Goal of the exercise: The answer is to be an exact copy of the lines below running from the line with "The episode begins" down to the line with "お客様に対して送信する、クー", both ends included, and nothing more.

[Information supplied — start]

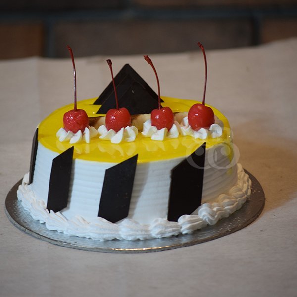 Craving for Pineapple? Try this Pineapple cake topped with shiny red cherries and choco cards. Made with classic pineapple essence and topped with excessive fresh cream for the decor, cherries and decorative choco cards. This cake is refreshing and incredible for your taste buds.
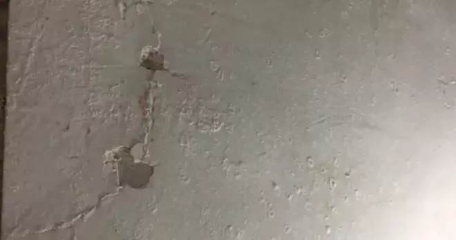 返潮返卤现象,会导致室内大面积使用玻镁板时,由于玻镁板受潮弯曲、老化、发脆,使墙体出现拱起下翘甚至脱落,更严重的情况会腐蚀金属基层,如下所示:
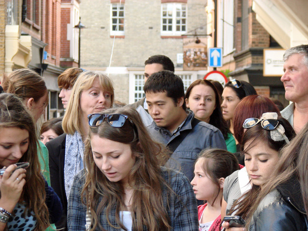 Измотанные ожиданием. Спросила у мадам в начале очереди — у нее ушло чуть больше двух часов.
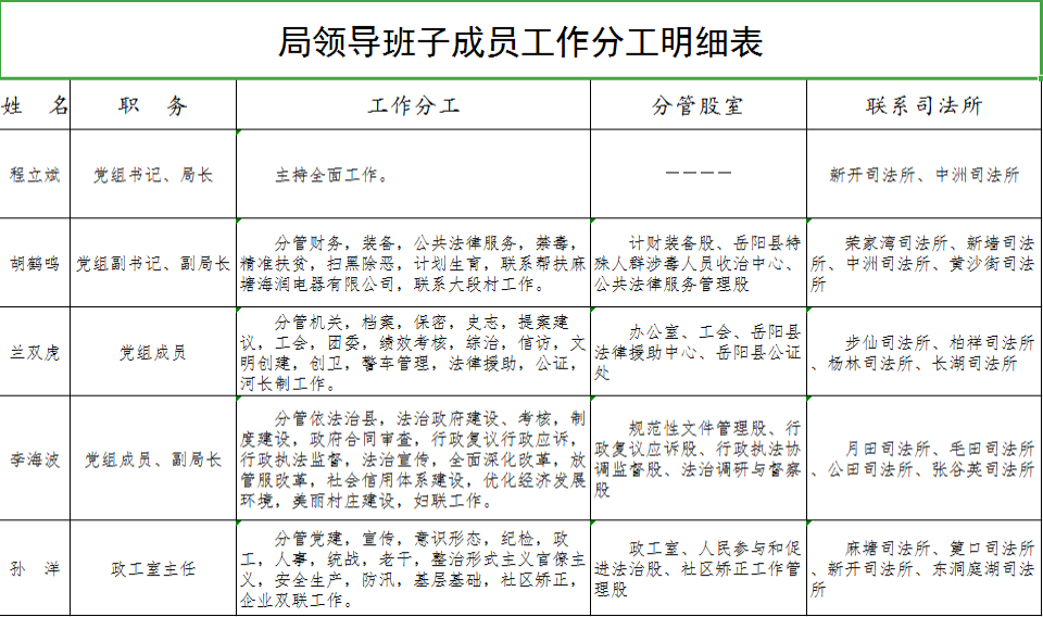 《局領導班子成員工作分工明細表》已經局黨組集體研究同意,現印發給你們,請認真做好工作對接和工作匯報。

[Information supplied — finish]
[Information supplied — start]

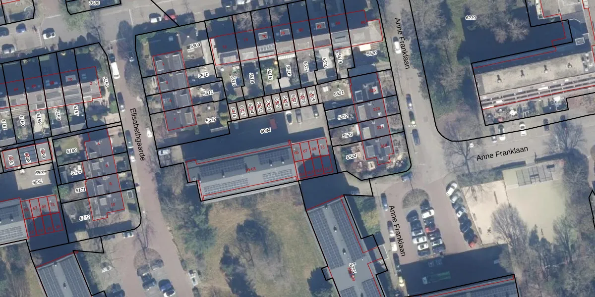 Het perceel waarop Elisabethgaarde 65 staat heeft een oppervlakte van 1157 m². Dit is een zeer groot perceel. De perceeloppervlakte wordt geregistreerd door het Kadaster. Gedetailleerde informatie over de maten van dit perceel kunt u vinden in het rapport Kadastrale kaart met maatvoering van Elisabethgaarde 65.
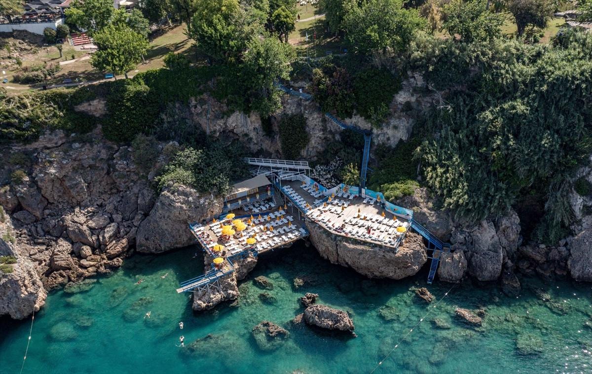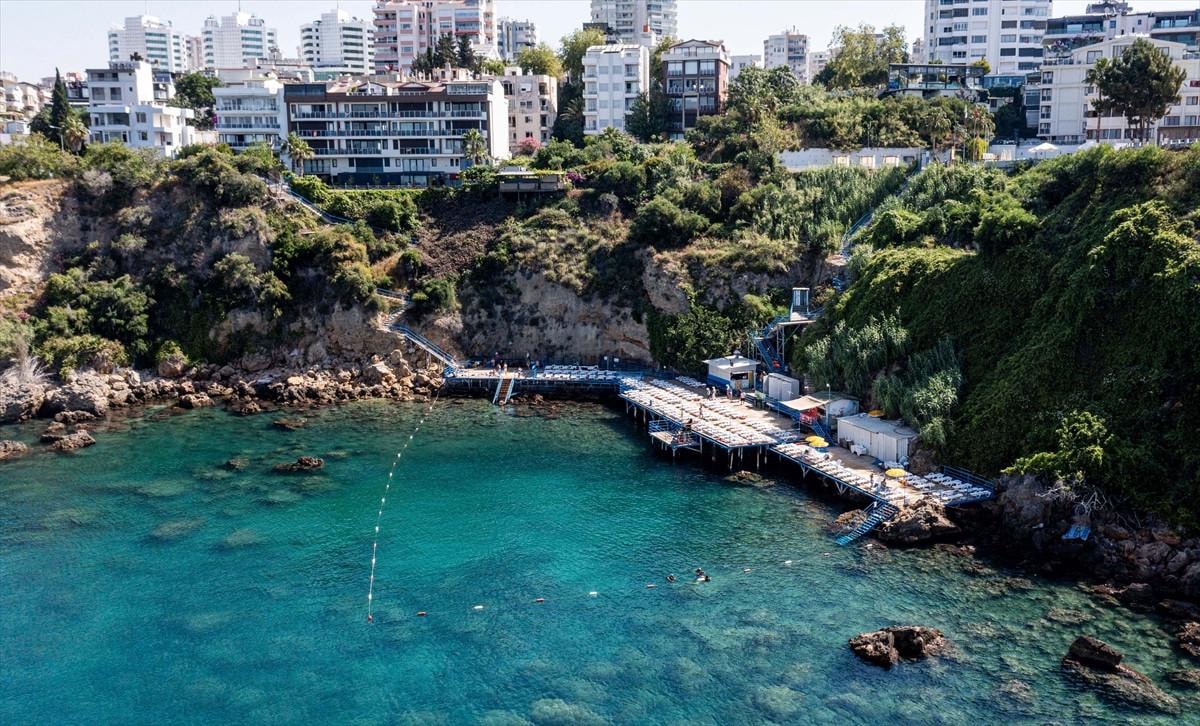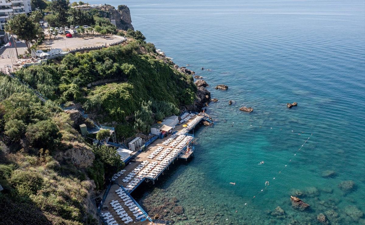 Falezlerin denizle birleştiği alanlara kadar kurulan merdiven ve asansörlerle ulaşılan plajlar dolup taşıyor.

[Information supplied — finish]
[Information supplied — start]

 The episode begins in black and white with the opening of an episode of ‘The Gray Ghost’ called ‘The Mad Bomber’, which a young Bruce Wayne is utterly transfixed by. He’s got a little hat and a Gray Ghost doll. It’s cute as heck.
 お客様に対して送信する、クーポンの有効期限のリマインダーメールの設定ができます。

[Information supplied — finish]

Answer:
 The episode begins in black and white with the opening of an episode of ‘The Gray Ghost’ called ‘The Mad Bomber’, which a young Bruce Wayne is utterly transfixed by. He’s got a little hat and a Gray Ghost doll. It’s cute as heck.
 お客様に対して送信する、クーポンの有効期限のリマインダーメールの設定ができます。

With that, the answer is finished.